Comparatively, it can seem far, far easier to send children away to be taught by others. It involves less time, less trauma, less turmoil.
Home education is definitely the “long way around”. In our culture, we want quick, easy, and most of all, painless. On that afternoon when I struggled with the apple juice and the pile of never ending demands, I wanted desperately to take a shortcut.
In Numbers 20:14-21 though, we find God leading the Israelites the long way around Edom on their way to Canaan. You see, if they had gone directly through that area, it would have meant fighting a battle against an enemy they were not ready to face yet.
Children need time to be nurtured, discipled, and matured before fighting battles against the darkness in the world.
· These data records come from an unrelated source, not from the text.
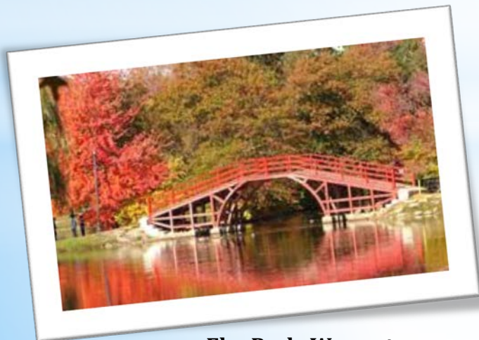
Elm Park, Worcester

*Not including Athletic Coaches or After School Programs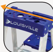
Pipe & 2x4 holder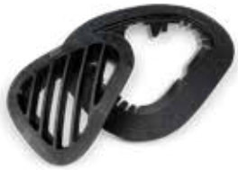
Figure 4 rigid materials produce durable plastic parts with the look and feel of cast urethane or injection molded parts, with features that include fast print speeds, high elongation, exceptional impact strength, humidity/moisture resistance, long-term environmental stability and more.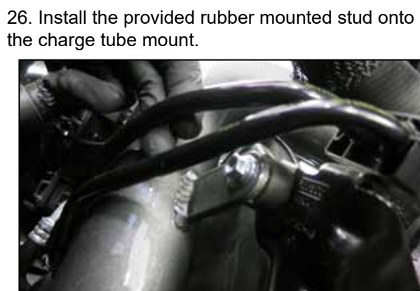
26. Install the provided rubber mounted stud onto the charge tube mount.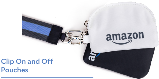
Clip On and Off Pouches

They need time to sink their roots deep down into the soil of their faith before combatting the pagan philosophies saturating our nation’s schools.
This can only be accomplished if we follow the pattern for raising children as outlined in Deuteronomy 6. In a society that has made it normal for parents to spend as little as 20 hours with their kids during the course of a school week, this is a radical notion.
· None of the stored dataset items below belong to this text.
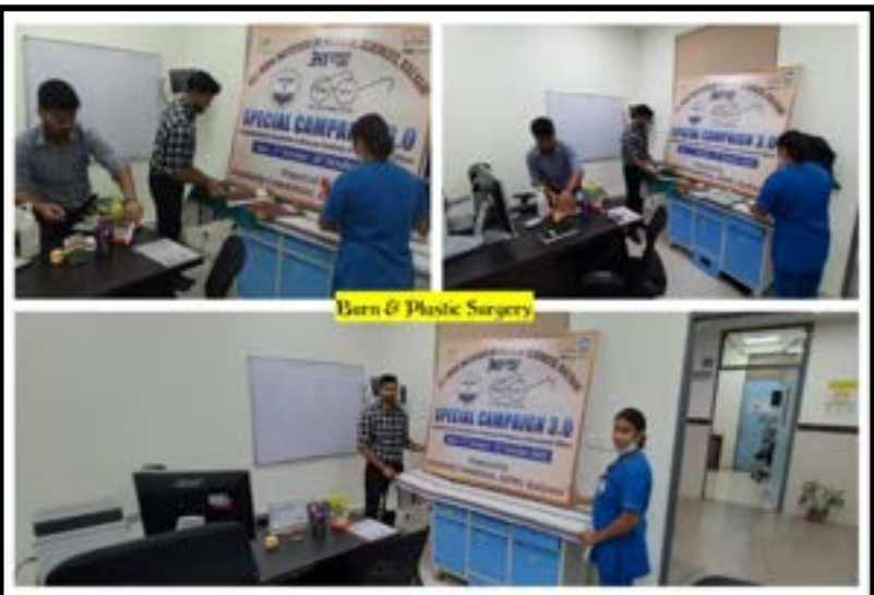
Glimpses of Before and After for Cleanliness activities (Shramdaan) by Various department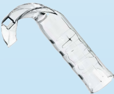
Large Adult Size 4 Part Number: YLO-III B4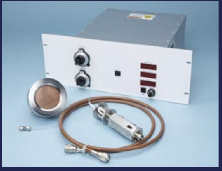
300 Series Research RF Sputtering Packages

A comprehensive documentation package is provided. Other feedthrough arrangements and cable lengths are possible – please consult the factory or visit our web site for more information. A 300 watt 13.56 MHz power supply and manually adjusted impedance matching network are integrated into a single, 19" rack mount unit. The manually adjusted impedance matching network provides the user with a broad tuning range. The network includes a series inductor with a field changeable tap and optional additional fixed shunt capacitors, enabling it to match a wide range of impedances. The RF generator allows precise power and process control from the front panel

Most of these hours are task-driven: getting homework finished, driving to practice, doing baths before bedtime, making meals, etc., and almost all of this time is also dominated by the use of devices and screens.
But with homeschooling, the parent-child relationship is one of overarching influence and time-intensive interaction– observing, teaching, correction, and encouragement.
That relationship is characterized by loving care expressed through togetherness, affection, diligent discipline, and instruction.
Home education can certainly be demanding and inconvenient (the long way around). But resisting the way the world thinks and valuing things the world doesn’t value- this is warfare the way Christ fought.
So if it’s subversive, painful, and sacrificial, it’s supposed to be.
Because, really, as a mom you know that while there is pain and pushing through, there is also relief and joy when something new is born.
If I would have given in that day and taken a shortcut through the good work of educating my children, I would be missing out on both the trials and joys.
Including that frustrating bottle of apple juice that nearly sent me over the edge.